Check out the table below to learn how spelt and full-fat soy flour compare when it comes to mineral content.
|Spelt||Full-Fat Soy Flour|
|Calcium||27 mg||206 mg|
|Copper||0.511 mg||2.92 mg|
|Iron||4.44 mg||6.37 mg|
|Magnesium||136 mg||429 mg|
|Manganese||2.98 mg||2.28 mg|
|Phosphorus||401 mg||494 mg|
|Potassium||388 mg||2520 mg|
|Selenium||11.7 µg||7.5 µg|
|Sodium||8 mg||13 mg|
|Zinc||3.28 mg||3.92 mg|
The Final Word
Spelt and full-fat soy flour are highly nutritious and a great addition to a plant-based diet.
Both spelt and full-fat soy flour are high in specific vitamins and minerals, and including them in your diet will give you the most benefits they offer.
Antioxidants found in grains and legumes can help to protect cells from damage and may reduce the risk of certain diseases and the effects of aging.

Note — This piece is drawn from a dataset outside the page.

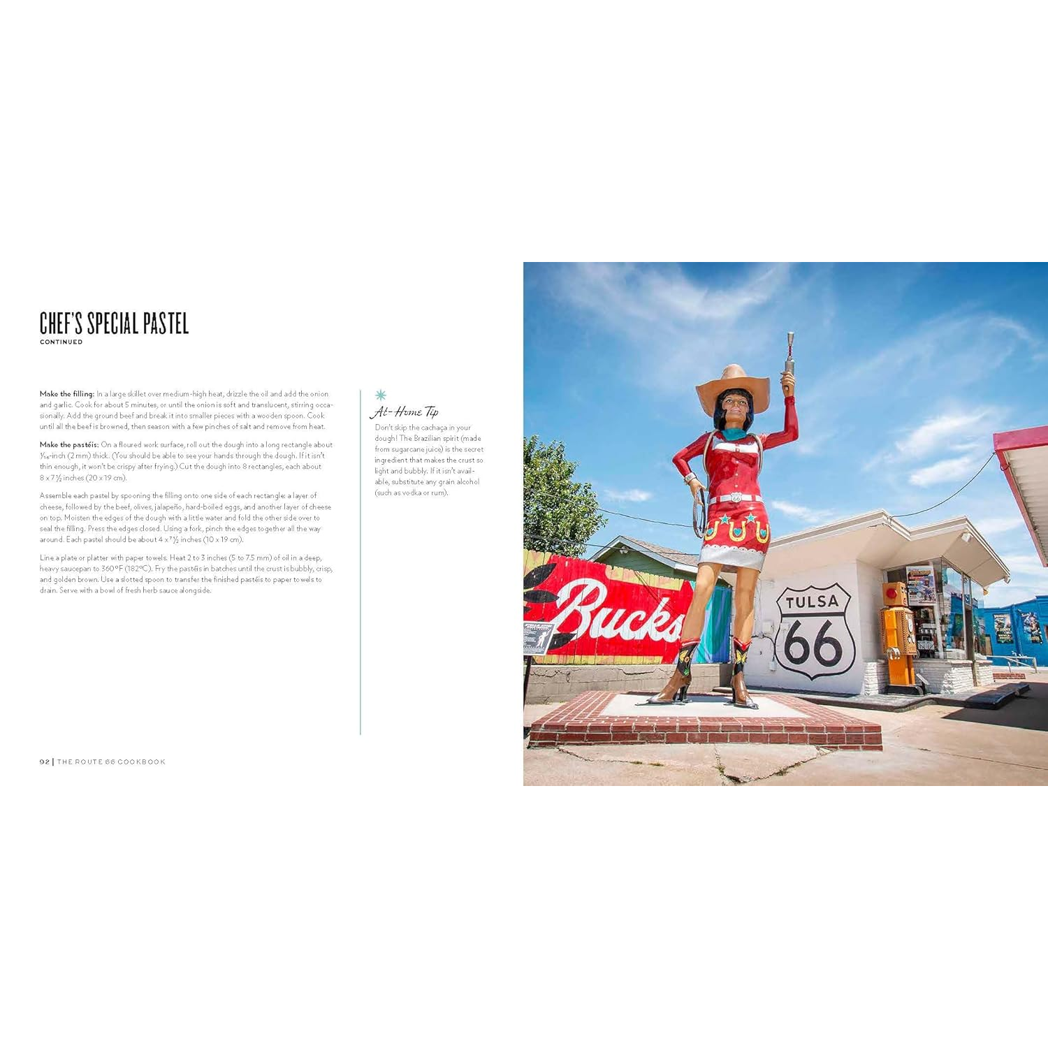 Throughout its recipes and destinations, The Route 66 Cookbook pays homage to America’s diverse cultural history. Of course, there are recipes for a variety of standard American fare, such as diner food, burgers, and multiple styles of barbecue, but German, Mexican, Asian, Indigenous, and fusion foods are also included:

Additionally, the fiber and other nutrients in these foods can support the health of the digestive system and may even help to prevent certain digestive cancers.
Legumes and grains are a versatile food that can be incorporated into any meal of the day, including breakfast, lunch, or dinner. They can be served hot or cold, making them a convenient and tasty addition to a variety of dishes.